Try it — Return the data word for word. Pictures are to be omitted.

The data —
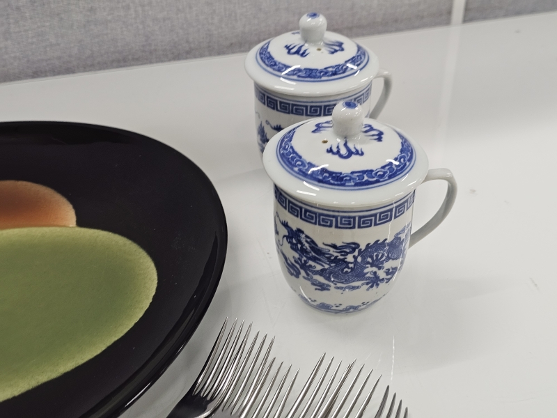 #704 Erä tavaraa: Mm. Arabia Heljä Liukko-Sundström Paletti, itämaiset kupit + aterimia
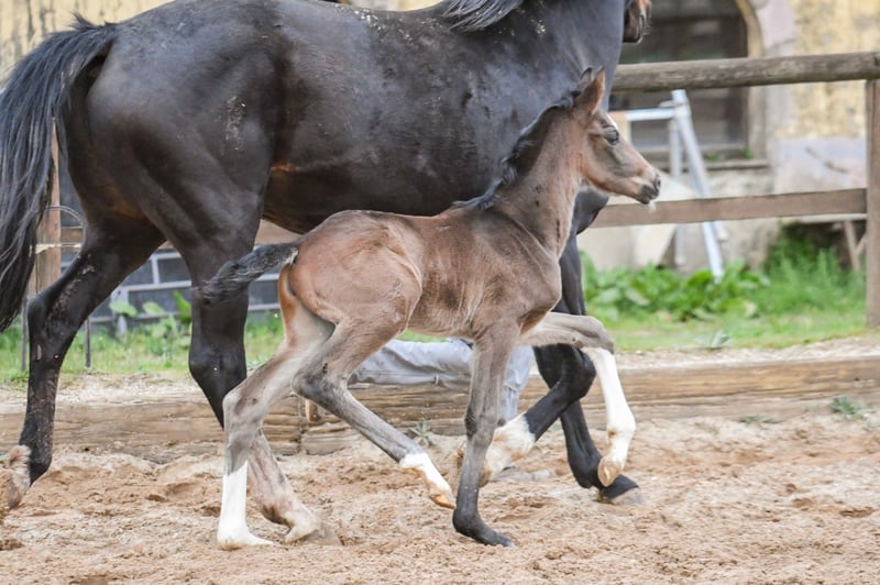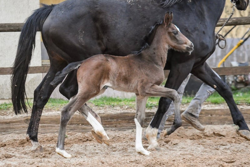 Fohlenankündigung: Wir bekommen im März ein Fohlen v. Va Bene aus der Chanel v. Christ. Sie stellte in der Anpaarung mit Viva Gold schon den 2. Spitzenpreis bei der Onlinefohlenauktion in Vechta. Hengst war zur Körung in Vechta zugelassen, vertrat sich dann aber an der Longe. Die beiden anderen Geschwister von Bon Esprit und Bonds (ebenfalls mit Auktionszulassung) waren ebenfalls sehr bewegungsstark.
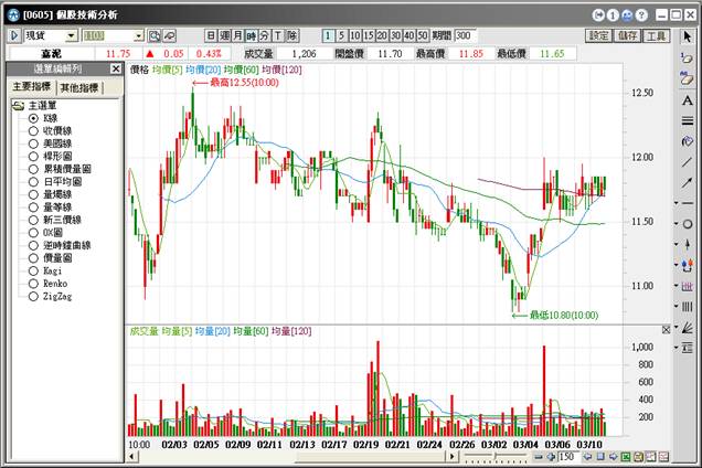 (10)選單編輯列-主要指標頁:原預設為K線,可依投資人需求,選擇其它指標。
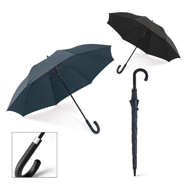Dáždnik z ponžé 190T s konštrukciou z laminátu a s rukoväťou potiahnutou gumou. Dáždnik je odolný voči vetru a má automatické otváranie.
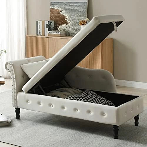 - 【Storage Chaise Lounge】- This chaise lounge with storage, a large hidden storage space, you can store magazines, books, blankets, pillows and other sundries in it, especially kid’s toys, effective space saving.
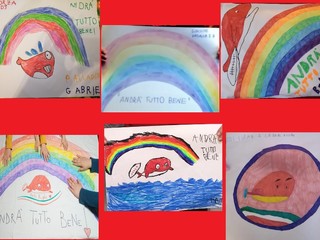 I piccoli del REDS rugby Team - IM usando i mezzi di comunicazione on line per mettersi d'accordo, si sono armati di pennarelli e quanto possa essere utile per sostenere e far sentire la vicinanza a tutti i loro amici e le loro famiglie ed ecco che vicino all'arcobaleno è stata posizionata la mascotte, ormai nota, balenottera rossa ed il capolavoro è fatto.
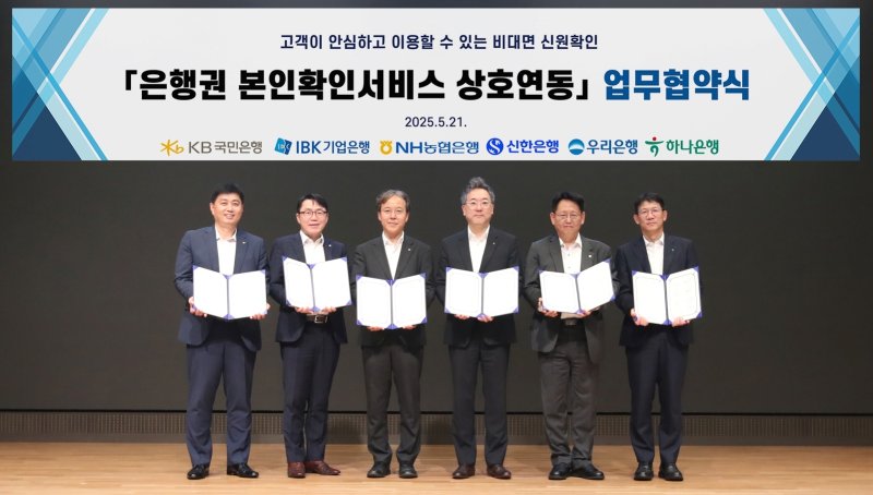 이번 협약을 통해 6대 은행은 △은행권 공동 본인확인서비스 개발 △상호 본인확인서비스 연동 △민·관 대상 공동 마케팅 추진 등 고객이 안심하고 이용할 수 있는 비대면 신원확인 서비스 제공을 위해 협력하기로 했다.
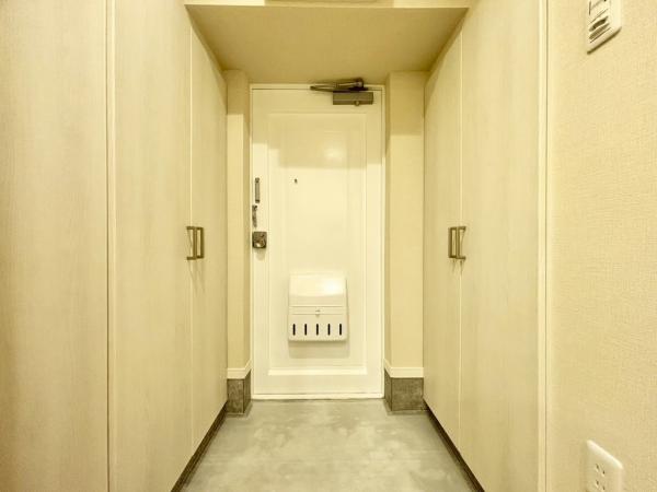 玄関:両面にシューズボックスを備え、十分な量の靴が収納可能。
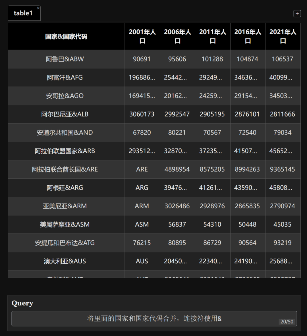 “将里面的国家和国家代码合并,连接符使用&。”对于这个简单的命令,ChatExcel很好地完成了,并且也使用了指定的符号。
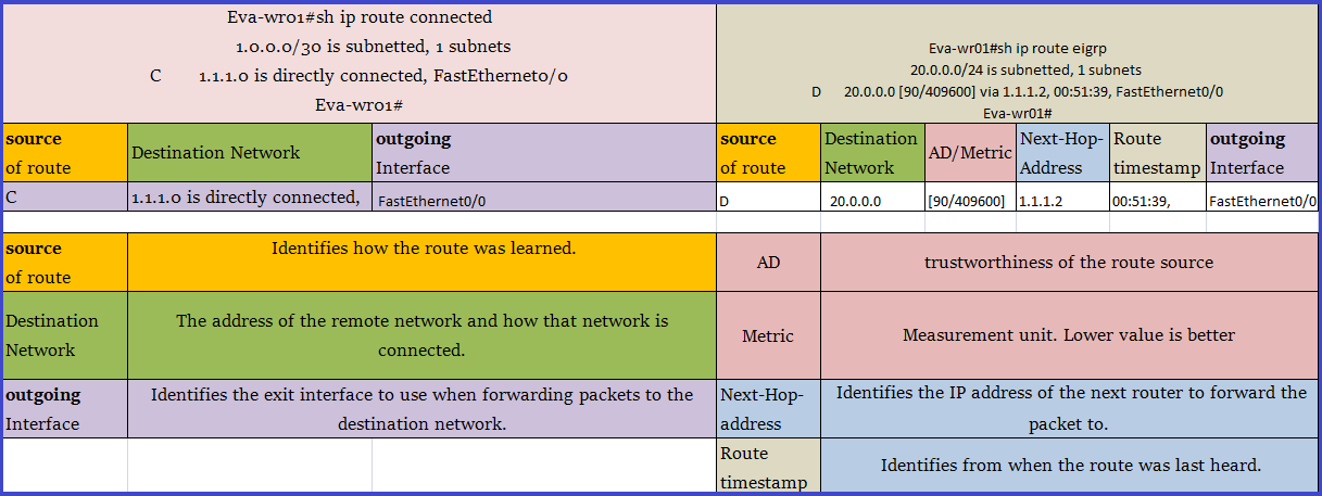 Routing Table: Routing table stores the route information means routing table have information about all the networks (directly connected / dynamically learnt / statically configured). A routing table is act like a map for the router. Each router’s routing table is stored in the RAM of the device.
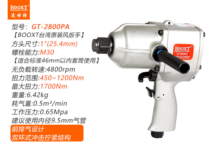 東莞市強勁五金工具有限公司提供臺灣BOOXT波世特品牌氣動工具,1寸氣動扳手GT-2800PA廠家直銷,首件享特價。咨詢熱線:4008301980
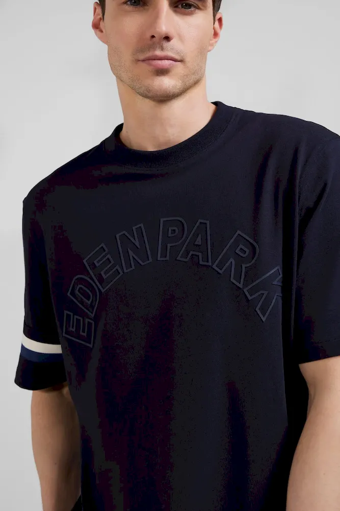 Emblématique de l’esprit Eden Park, ce confortable T-shirt homme en jersey de coton arbore une sérigraphie au nom de notre maison et des bords-côtes tricots rayés savamment placés sur l’une de ses manches courtes. Ce modèle est proposé en coloris gris ou bleu marine pour s’accorder à votre vestiaire de saison.
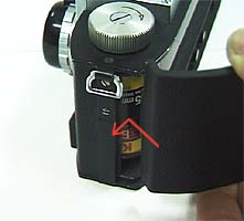 Then, with pressing it tightly to the camera body, turn the lever at the base plate to "LOCK".

Solution —
 #704 Erä tavaraa: Mm. Arabia Heljä Liukko-Sundström Paletti, itämaiset kupit + aterimia
 Fohlenankündigung: Wir bekommen im März ein Fohlen v. Va Bene aus der Chanel v. Christ. Sie stellte in der Anpaarung mit Viva Gold schon den 2. Spitzenpreis bei der Onlinefohlenauktion in Vechta. Hengst war zur Körung in Vechta zugelassen, vertrat sich dann aber an der Longe. Die beiden anderen Geschwister von Bon Esprit und Bonds (ebenfalls mit Auktionszulassung) waren ebenfalls sehr bewegungsstark.
 (10)選單編輯列-主要指標頁:原預設為K線,可依投資人需求,選擇其它指標。
Dáždnik z ponžé 190T s konštrukciou z laminátu a s rukoväťou potiahnutou gumou. Dáždnik je odolný voči vetru a má automatické otváranie.
 - 【Storage Chaise Lounge】- This chaise lounge with storage, a large hidden storage space, you can store magazines, books, blankets, pillows and other sundries in it, especially kid’s toys, effective space saving.
 I piccoli del REDS rugby Team - IM usando i mezzi di comunicazione on line per mettersi d'accordo, si sono armati di pennarelli e quanto possa essere utile per sostenere e far sentire la vicinanza a tutti i loro amici e le loro famiglie ed ecco che vicino all'arcobaleno è stata posizionata la mascotte, ormai nota, balenottera rossa ed il capolavoro è fatto.
 이번 협약을 통해 6대 은행은 △은행권 공동 본인확인서비스 개발 △상호 본인확인서비스 연동 △민·관 대상 공동 마케팅 추진 등 고객이 안심하고 이용할 수 있는 비대면 신원확인 서비스 제공을 위해 협력하기로 했다.
 玄関:両面にシューズボックスを備え、十分な量の靴が収納可能。
 “将里面的国家和国家代码合并,连接符使用&。”对于这个简单的命令,ChatExcel很好地完成了,并且也使用了指定的符号。
 Routing Table: Routing table stores the route information means routing table have information about all the networks (directly connected / dynamically learnt / statically configured). A routing table is act like a map for the router. Each router’s routing table is stored in the RAM of the device.
 東莞市強勁五金工具有限公司提供臺灣BOOXT波世特品牌氣動工具,1寸氣動扳手GT-2800PA廠家直銷,首件享特價。咨詢熱線:4008301980
 Emblématique de l’esprit Eden Park, ce confortable T-shirt homme en jersey de coton arbore une sérigraphie au nom de notre maison et des bords-côtes tricots rayés savamment placés sur l’une de ses manches courtes. Ce modèle est proposé en coloris gris ou bleu marine pour s’accorder à votre vestiaire de saison.
 Then, with pressing it tightly to the camera body, turn the lever at the base plate to "LOCK".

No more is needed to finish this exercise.